Aim of the task: In the listing below, the answer starts at the line that has "Add shimmer and" and stops after the line that has "Kai is a 7-year-old"; please repeat that part exactly and nothing more.

Data section:
++++

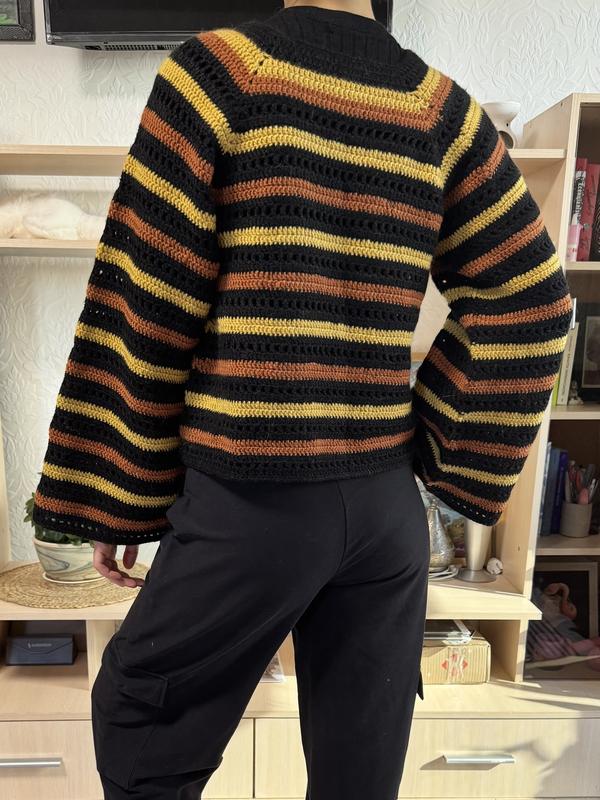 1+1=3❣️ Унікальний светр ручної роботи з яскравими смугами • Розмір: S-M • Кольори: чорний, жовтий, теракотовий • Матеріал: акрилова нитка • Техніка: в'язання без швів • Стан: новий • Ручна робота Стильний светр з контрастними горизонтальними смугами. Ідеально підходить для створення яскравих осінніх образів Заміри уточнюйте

++++

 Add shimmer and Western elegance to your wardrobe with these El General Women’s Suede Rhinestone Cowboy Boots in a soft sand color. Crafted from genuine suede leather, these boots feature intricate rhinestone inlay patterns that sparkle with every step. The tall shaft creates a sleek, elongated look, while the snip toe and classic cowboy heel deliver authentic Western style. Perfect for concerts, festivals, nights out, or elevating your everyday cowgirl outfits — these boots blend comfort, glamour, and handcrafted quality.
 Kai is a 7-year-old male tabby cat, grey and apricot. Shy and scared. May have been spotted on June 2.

++++

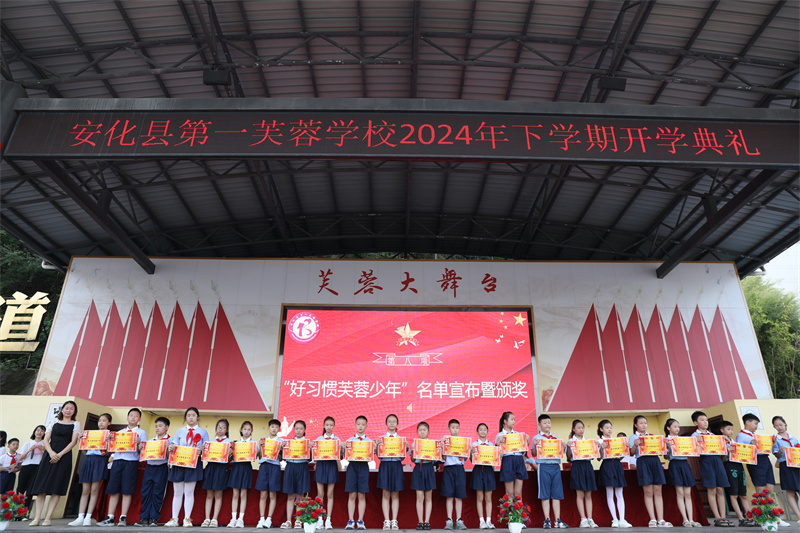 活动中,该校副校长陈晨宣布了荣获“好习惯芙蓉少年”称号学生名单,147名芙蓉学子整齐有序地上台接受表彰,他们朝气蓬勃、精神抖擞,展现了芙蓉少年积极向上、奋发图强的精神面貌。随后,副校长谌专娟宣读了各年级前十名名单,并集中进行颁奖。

++++

Result:
 Add shimmer and Western elegance to your wardrobe with these El General Women’s Suede Rhinestone Cowboy Boots in a soft sand color. Crafted from genuine suede leather, these boots feature intricate rhinestone inlay patterns that sparkle with every step. The tall shaft creates a sleek, elongated look, while the snip toe and classic cowboy heel deliver authentic Western style. Perfect for concerts, festivals, nights out, or elevating your everyday cowgirl outfits — these boots blend comfort, glamour, and handcrafted quality.
 Kai is a 7-year-old male tabby cat, grey and apricot. Shy and scared. May have been spotted on June 2.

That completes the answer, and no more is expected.